Let freedom ring from the snow-capped Rockies of Colorado.

Leet freedom ring from the curvaceous slopes of California.

But not only that.

Let freedom ring from the Stone Mountain of Georgia.

Let freedom ring from the Lookout Mountain of Tennessee.

Let freedom ring from every hill and molehill of Mississippi, from every mountainside, let freedom ring!

And when this happens, when we allow freedom to ring, when we let is ring from every village and every hamlet, from every state and every city, we will be able to speed up that day when all of God’s children, black men and white men, Jews and Gentiles, Protestants and Catholics, will be able to join hands and sing in the words of the old Negro spiritual, “Free at last, free at last. Thank God Almighty, we are free at last.”

I have a dream

August 28, 1963

Photograph : @historyhd

These are my general thoughts.

Words are my own.

  • How your parents are plays a massive role in your upbringing. Martin received love and support from his, that greatly shaped his outlook on life as he got older.

  • King gave up an ‘easy’ life, to move back to South, all for the greater good. He could’ve had a much easier life but fighting for his people and to know that he would be making a difference for the future generation was a bigger reason than to be part of a minority who had it easy. He wanted to help his community, his people fight against injustice.
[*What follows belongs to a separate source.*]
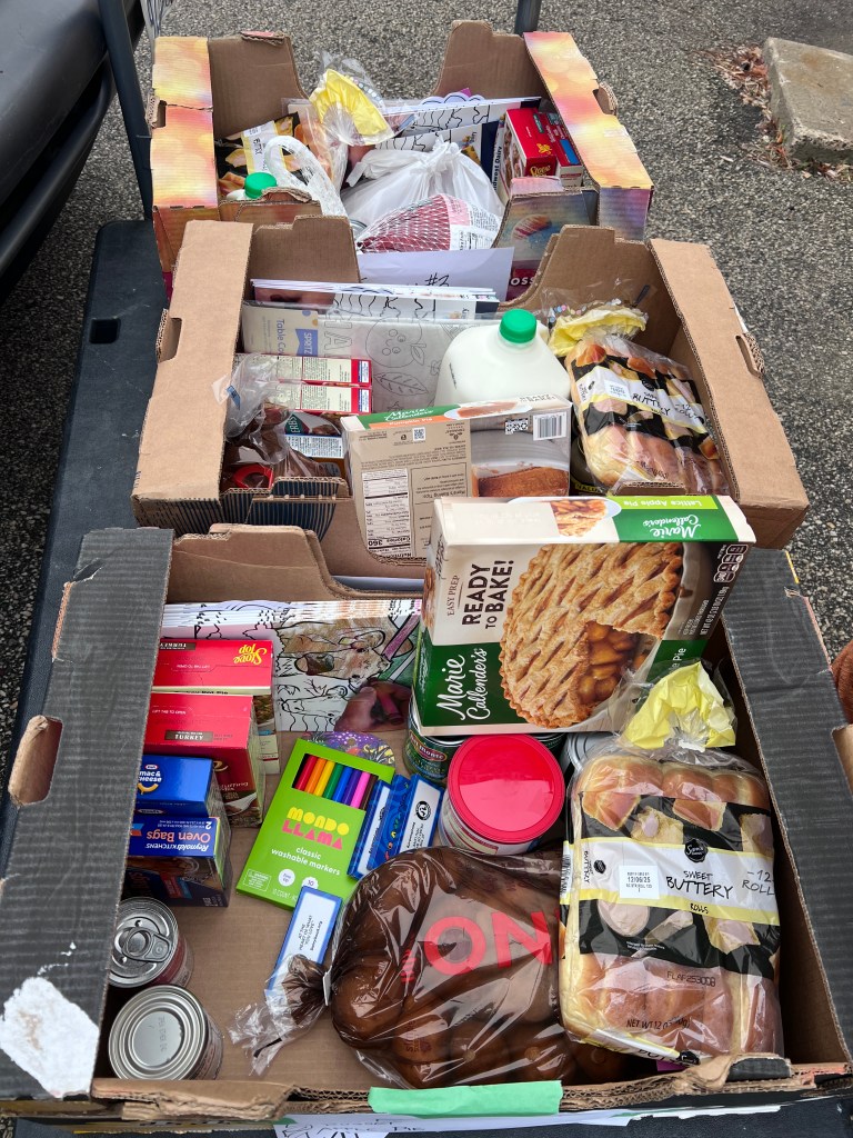 We have delivered the boxes of groceries, and because of you, we were able to provide meals for 17 families and 88 people only (with plenty of leftovers!) – This was a huge impact! Every family had their choice of Ham or Turkey, a dessert option and a potato option – and they all received: green beans/mushroom soup/crispy onions, corn, stuffing, gravy, sweet potatoes or russet potatoes, apple pie or pumpkin pie or brownies, gallon of milk, a lb of butter, a quart of vanilla ice cream, macaroni and cheese, dinner rolls, turkey oven cooking bags and even some holiday coloring books and festive table cloth! We tried to make this an “at home, personalized” box – to really make the holiday special. – YOU ARE THE REASON this was such a successful project and we cannot thank you all enough!

  • He was always concerned about the morality aspect of any decision he took. He didn’t want to stoop to the same level as the racists, he wanted to be better than that. But was that always better? He was a man of God so he didn’t want to battle evil with evil, but I don’t believe we live in the type of world where ‘love’ will conquer all. I think it’s pointless to think it is. Not everyone is in need of, or wants ‘guidance’. There is no reasoning with them or changing their thought process. Some people are happy to live and be a part of a system that benefits them even at the expense of others. You can want to change their minds… but I don’t think that this should always be a non-violent, tactic. I see why Malcolm X had the approach that he did. 

  • You have to believe in your vision and yourself more than anything else. King could’ve avoided being arrested if he stayed with his parents, but that would have been cowardly for him to do that. He started on a path and the whole purpose was to help his people. He needed to stick to that. You need to be true to your beliefs and stick by your values. He had his first child of 3 months and wife waiting for him. He could have given in, for the sake of being with his family but he didn’t falter. The mission was more important than anything else.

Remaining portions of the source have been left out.